◆ WHAT YOU SHOULD DO ◆
Could the entries below be transcribed word for word, with the pictures omitted?

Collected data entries
══════
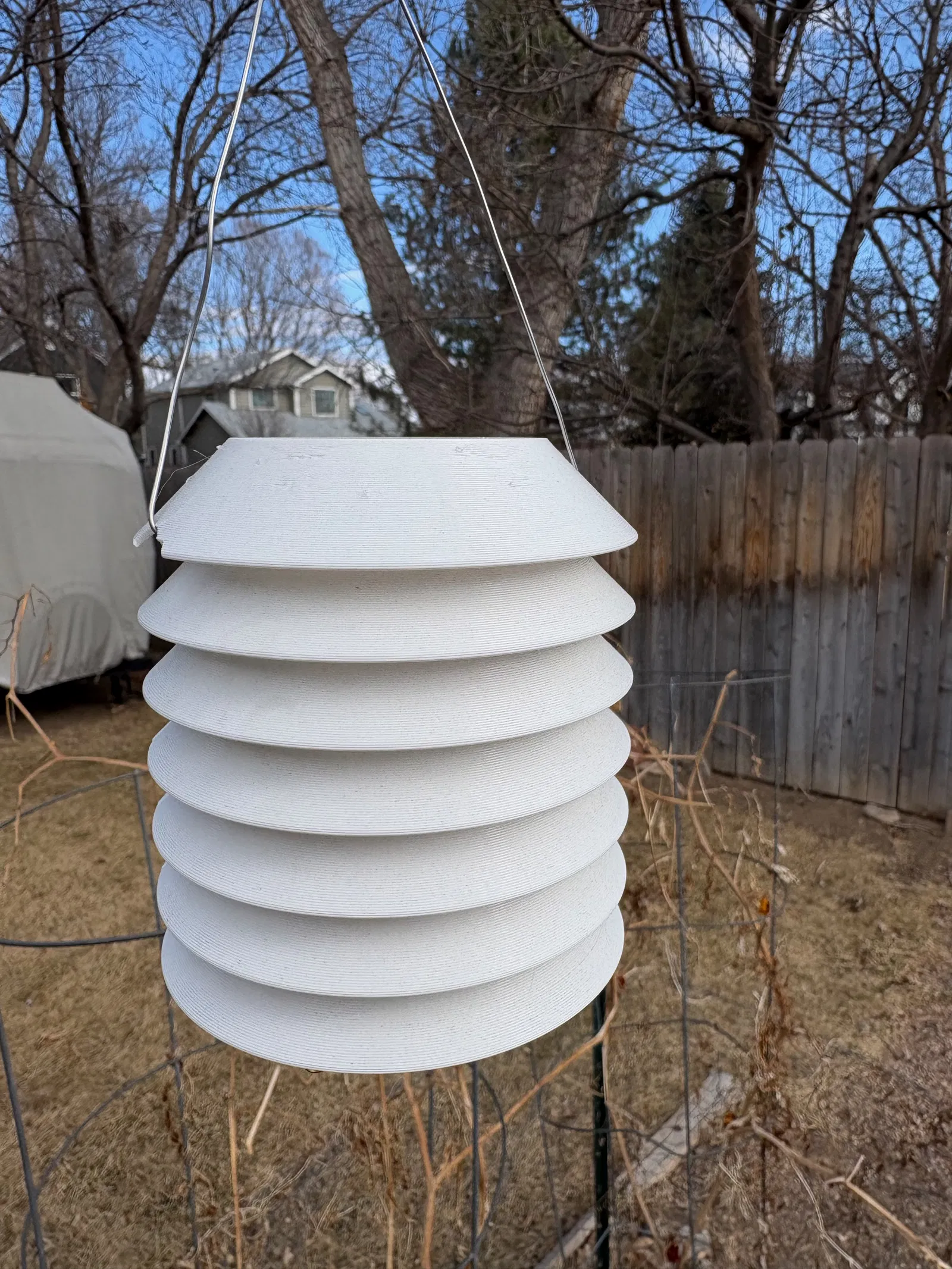 Mẫu tấm chắn bức xạ (radiation shield) dành cho cảm biến nhiệt độ của trạm thời tiết, giúp giảm ảnh hưởng ánh nắng trực tiếp lên kết quả đo. Tương thích với BIUWING và có thể hợp với vài hãng khác.
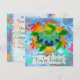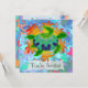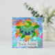 Custom two-sided invitation cards. Front has customisable "You're Invited". Back has invitation information--enter your event title, date, time, location, and a personal message. A digitally painted green sea turtle with a patterned shell against a background of orange kelp like flames.
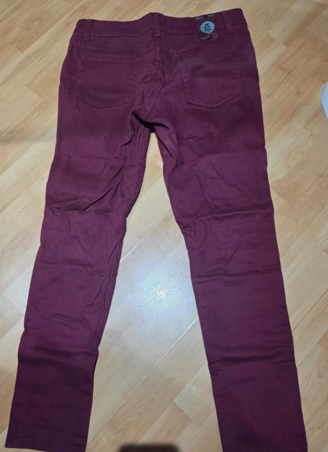 Velvet Heart jeans in a rich burgundy colour. These jeans are made with 98% cotton and 2% spandex for a comfortable stretch fit. They're a size 28.
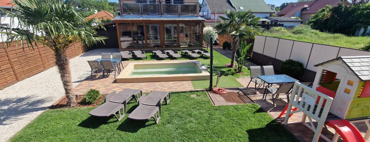 szabadtéri úszómedence • napozóterasz • ülőmedence
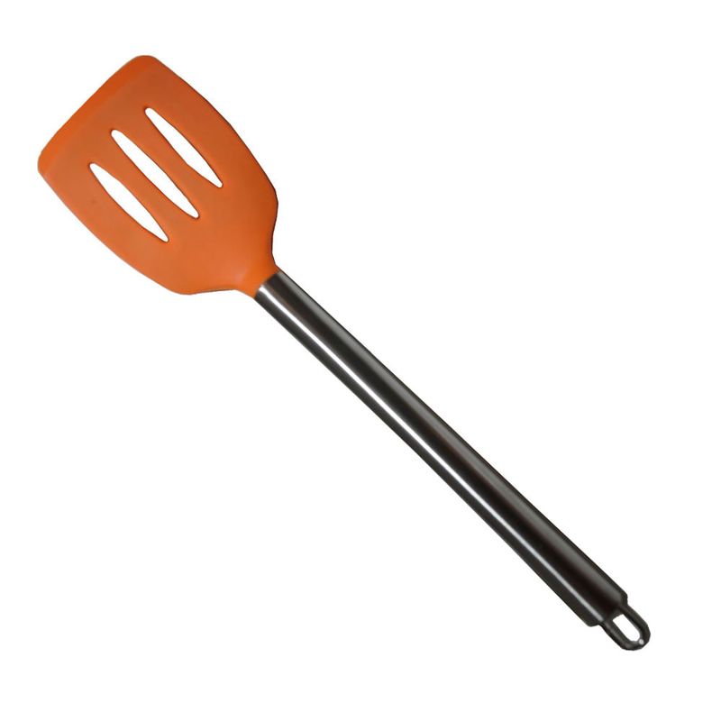 ESPÁTULA VAZADA DE SILICONE LARANJA EMBORRACHADO E INOX
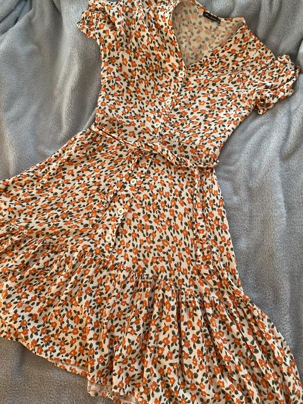 Красивое оранжево белое платье идеально смотрится на рост 160-170
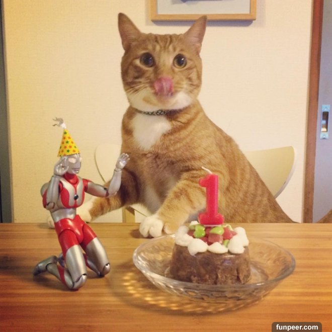 而前一陣子,在9月份Koma過了一歲生日(依據撿到的日期),當然奧特曼絕對不會缺席啦!
══════
◆ THE COMPLETED TASK ◆
 Mẫu tấm chắn bức xạ (radiation shield) dành cho cảm biến nhiệt độ của trạm thời tiết, giúp giảm ảnh hưởng ánh nắng trực tiếp lên kết quả đo. Tương thích với BIUWING và có thể hợp với vài hãng khác.
 Custom two-sided invitation cards. Front has customisable "You're Invited". Back has invitation information--enter your event title, date, time, location, and a personal message. A digitally painted green sea turtle with a patterned shell against a background of orange kelp like flames.
 Velvet Heart jeans in a rich burgundy colour. These jeans are made with 98% cotton and 2% spandex for a comfortable stretch fit. They're a size 28.
 szabadtéri úszómedence • napozóterasz • ülőmedence
 ESPÁTULA VAZADA DE SILICONE LARANJA EMBORRACHADO E INOX
 Красивое оранжево белое платье идеально смотрится на рост 160-170
 而前一陣子,在9月份Koma過了一歲生日(依據撿到的日期),當然奧特曼絕對不會缺席啦!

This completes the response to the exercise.